Former Australian federal electoral division

The Division of Batman was an Australian Electoral Division in the state of Victoria. It took its name from John Batman, one of the founders of the city of Melbourne. The division was created in 1906, replacing the Division of Northern Melbourne, and was abolished in 2019 and replaced by the Division of Cooper.

The division was located in Melbourne's northern suburbs, comprising the entire City of Darebin and parts of City of Yarra and City of Whittlesea at the time of abolition. Held by Labor for all but 10 years of its history, Batman traditionally had been a safe Labor seat. However, the Greens made the seat a contest beginning with the 2010 election, where they reduced Labor from a 26.0% margin to a 7.9% margin. Though Labor increased their margin against the Greens to 10.6% in 2013, the Greens reduced Labor's margin to just 1.0% in 2016. At the 2018 Batman by-election however, Labor increased their margin to 4.4% against the Greens.

==Boundaries==
Since 1984, federal electoral division boundaries in Australia have been determined at redistributions by a redistribution committee appointed by the Australian Electoral Commission. Redistributions occur for the boundaries of divisions in a particular state, and they occur every seven years, or sooner if a state's representation entitlement changes or when divisions of a state are malapportioned.

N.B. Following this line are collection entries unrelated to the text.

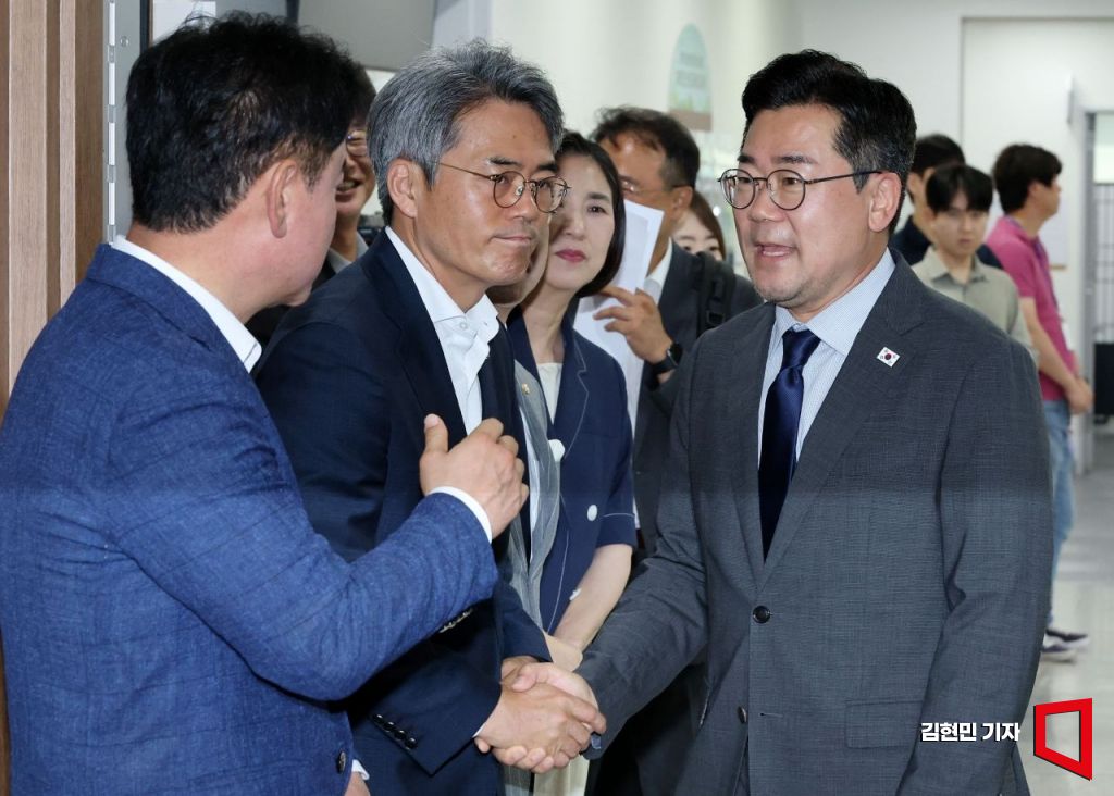 지난 7월 25일 박찬대 더불어민주당 의원이 기자회견을 위해 국회 소통관으로 들어서고 있다. 김현민 기자
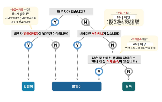 홀벌이가구 배우자의 총 급여액이 300만원 미만인 가구, 배우자가 없어도 부양자녀 또는 70세이상 직계존석이 있는 가구, 부양자녀이든 직계존속이든 각각의 연간 소득금액이 100만원 이하이고, 주민등록표상 동거가족으로 생계를 같이하는 가구
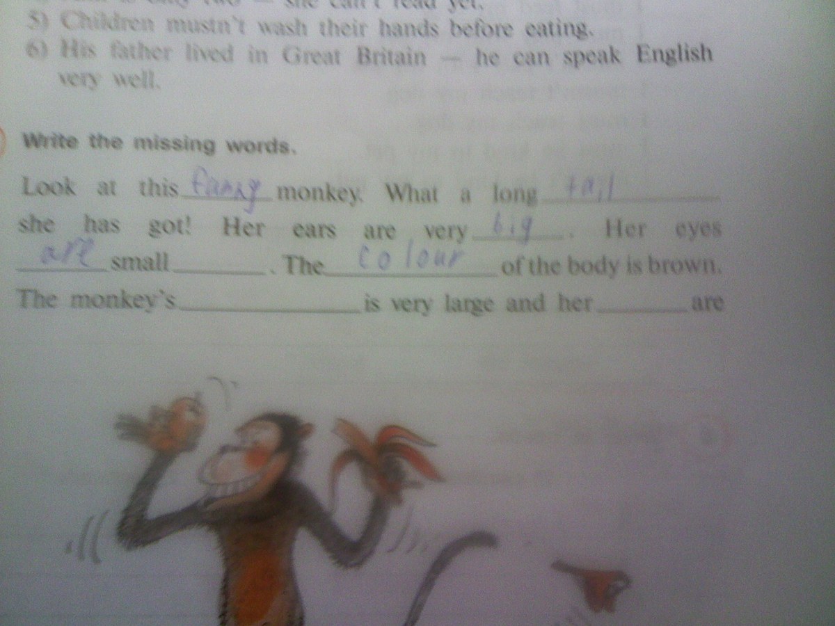 вставить по смыслу слова look at this _____ monkey. What a long_____ she has got! Her ears are very _____. Her eyes ___ small _____. The ______ of body is
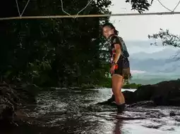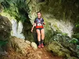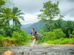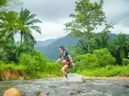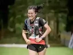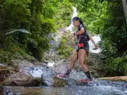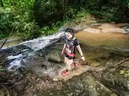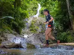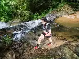 With 1 km left, we saw the exit sign, but it was slippery and tiring. My legs were sore and my toenails were sore, especially my big toe. My socks were torn and holding them up. Luckily, they didn't cut my toe, causing further pain. After we passed the stream, we had to run to the final stop, the Huai To Waterfall viewpoint, receive a wristband that looked like a hair tie, and then run back to the starting point.
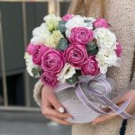 Коробка Валенсия с кустовыми пионовидными розами и эустомой

When the division was created in 1906, it included Fitzroy, Fitzroy North and Clifton Hill. It then expanded to include Collingwood, Carlton North and Princes Hill in 1913. In 1922, the division was massively expanded to the north-east to include the entire City of Northcote and City of Preston (which were previously in the Division of Bourke), while losing Collingwood, Carlton North, Princes Hill and part of Fitzroy. It then lost Clifton Hill, part of Fitzroy North and the remainder of Fitzroy in 1937.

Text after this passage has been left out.